Bevy is a refreshingly simple data-driven game engine built in Rust. It is free and open-source forever!
WARNING
Bevy is still in the early stages of development. Important features are missing. Documentation is sparse. A new version of Bevy containing breaking changes to the API is released approximately once every 3 months. We provide migration guides, but we can't guarantee migrations will always be easy. Use only if you are willing to work in this environment.
MSRV: Bevy relies heavily on improvements in the Rust language and compiler. As a result, the Minimum Supported Rust Version (MSRV) is generally close to "the latest stable release" of Rust.
Design Goals
- Capable: Offer a complete 2D and 3D feature set
- Simple: Easy for newbies to pick up, but infinitely flexible for power users
- Data Focused: Data-oriented architecture using the Entity Component System paradigm
- Modular: Use only what you need. Replace what you don't like
- Fast: App logic should run quickly, and when possible, in parallel
- Productive: Changes should compile quickly ... waiting isn't fun
About
- Features: A quick overview of Bevy's features.
- News: A development blog that covers our progress, plans and shiny new features.
Docs
- The Bevy Book: Bevy's official documentation. The best place to start learning Bevy.
- Bevy Rust API Docs: Bevy's Rust API docs, which are automatically generated from the doc comments in this repo.
- Official Examples: Bevy's dedicated, runnable examples, which are great for digging into specific concepts.
- Community-Made Learning Resources: More tutorials, documentation, and examples made by the Bevy community.
Community
Before contributing or participating in discussions with the community, you should familiarize yourself with our Code of Conduct.
- Discord: Bevy's official discord server.
- Reddit: Bevy's official subreddit.
- GitHub Discussions: The best place for questions about Bevy, answered right here!
- Bevy Assets: A collection of awesome Bevy projects, tools, plugins and learning materials.
If you'd like to help build Bevy, check out the Contributor's Guide. For simple problems, feel free to open an issue or PR and tackle it yourself!
For more complex architecture decisions and experimental mad science, please open an RFC (Request For Comments) so we can brainstorm together effectively!
Getting Started
We recommend checking out The Bevy Book for a full tutorial.
Follow the Setup guide to ensure your development environment is set up correctly. Once set up, you can quickly try out the examples by cloning this repo and running the following commands:
# Switch to the correct version (latest release, default is main development branch)
git checkout latest
# Runs the "breakout" example
cargo run --example breakout
To draw a window with standard functionality enabled, use:
use bevy::prelude::*;
fn main(){
App::new()
.add_plugins(DefaultPlugins)
.run();
}
Fast Compiles
Bevy can be built just fine using default configuration on stable Rust. However for really fast iterative compiles, you should enable the "fast compiles" setup by following the instructions here.
Libraries Used
Bevy is only possible because of the hard work put into these foundational technologies:
- wgpu: modern / low-level / cross-platform graphics library based on the WebGPU API.

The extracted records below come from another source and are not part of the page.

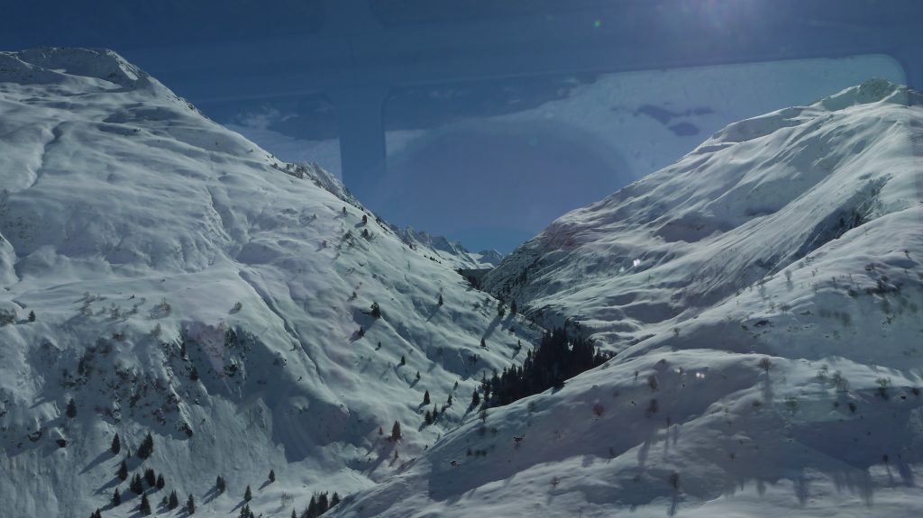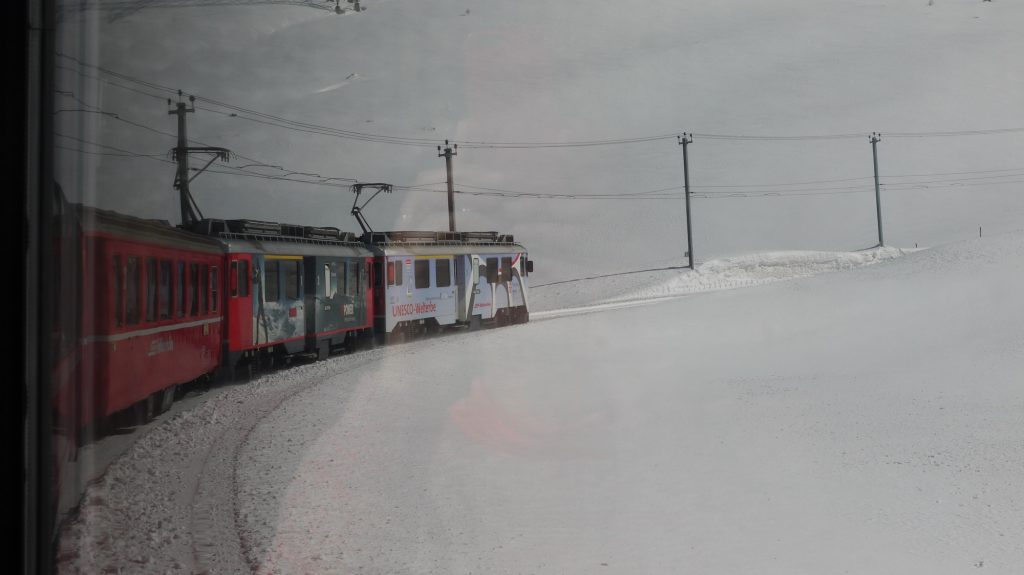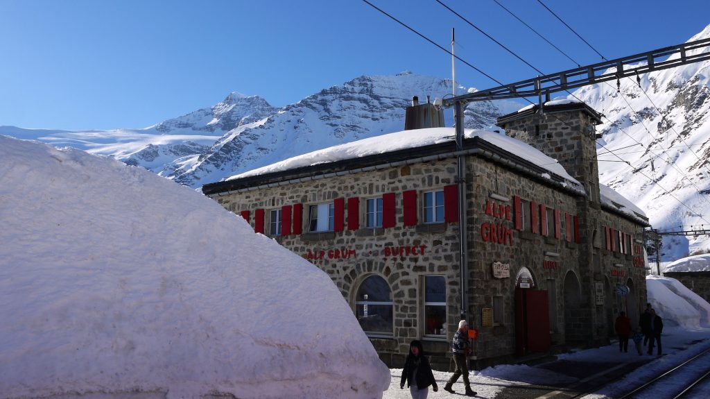 Tag 1 Bernina Express Samedan Fahrt zu Diavolezza Alp Grüm Albula Pass Kreisviadukt Brusio Tirano Proschiavo Alp Grüm aus der Sonne zurück in den Schnee Tag 2 Glacier Express Graubündner Platte Dissentis Oberalp Pass Zimmer mit Terrasse? und Matterhornblick unser Hotel Eisplatz in Zermatt Dorfmitte Zermatt Lawine über Zermatt
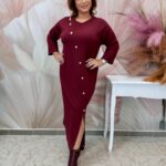 Csinos burgundi pamut ruha arany gomb díszekkel
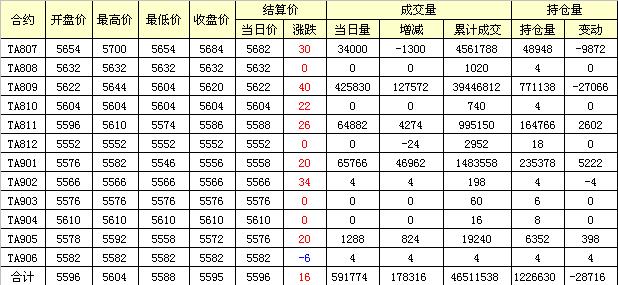 主力TA807合約當(dāng)日交易走勢(shì)
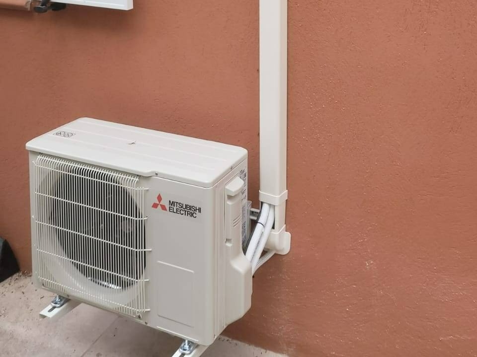 Notre client avait un système de climatisation en mono-split de marque MITSUBISHI Electric pour son bureau. Le groupe extérieur se trouve devant la vitrine, ce qui n'est pas très esthétique pour la clientèle passante.

- glam-rs: a simple and fast 3D math library for games and graphics
- winit: cross-platform window creation and management in Rust
Bevy Cargo Features
This list outlines the different cargo features supported by Bevy. These allow you to customize the Bevy feature set for your use-case.
Third Party Plugins
Plugins are very welcome to extend Bevy's features. Guidelines are available to help integration and usage.
Thanks and Alternatives
Additionally, we would like to thank the Amethyst, macroquad, coffee, ggez, Fyrox, and Piston projects for providing solid examples of game engine development in Rust. If you are looking for a Rust game engine, it is worth considering all of your options. Each engine has different design goals, and some will likely resonate with you more than others.
This project is tested with BrowserStack.
License
Bevy is free, open source and permissively licensed! Except where noted (below and/or in individual files), all code in this repository is dual-licensed under either:
- MIT License (LICENSE-MIT or http://opensource.org/licenses/MIT)
- Apache License, Version 2.0 (LICENSE-APACHE or http://www.apache.org/licenses/LICENSE-2.0)
at your option. This means you can select the license you prefer! This dual-licensing approach is the de-facto standard in the Rust ecosystem and there are very good reasons to include both.
Some of the engine's code carries additional copyright notices and license terms due to their external origins.
These are generally BSD-like, but exact details vary by crate:
If the README of a crate contains a 'License' header (or similar), the additional copyright notices and license terms applicable to that crate will be listed.
The above licensing requirement still applies to contributions to those crates, and sections of those crates will carry those license terms.
The license field of each crate will also reflect this.
For example, bevy_mikktspace
has code under the Zlib license (as well as a copyright notice when choosing the MIT license).
The assets included in this repository (for our examples) typically fall under different open licenses. These will not be included in your game (unless copied in by you), and they are not distributed in the published bevy crates. See CREDITS.md for the details of the licenses of those files.
Your contributions
Unless you explicitly state otherwise, any contribution intentionally submitted for inclusion in the work by you, as defined in the Apache-2.0 license, shall be dual licensed as above, without any additional terms or conditions.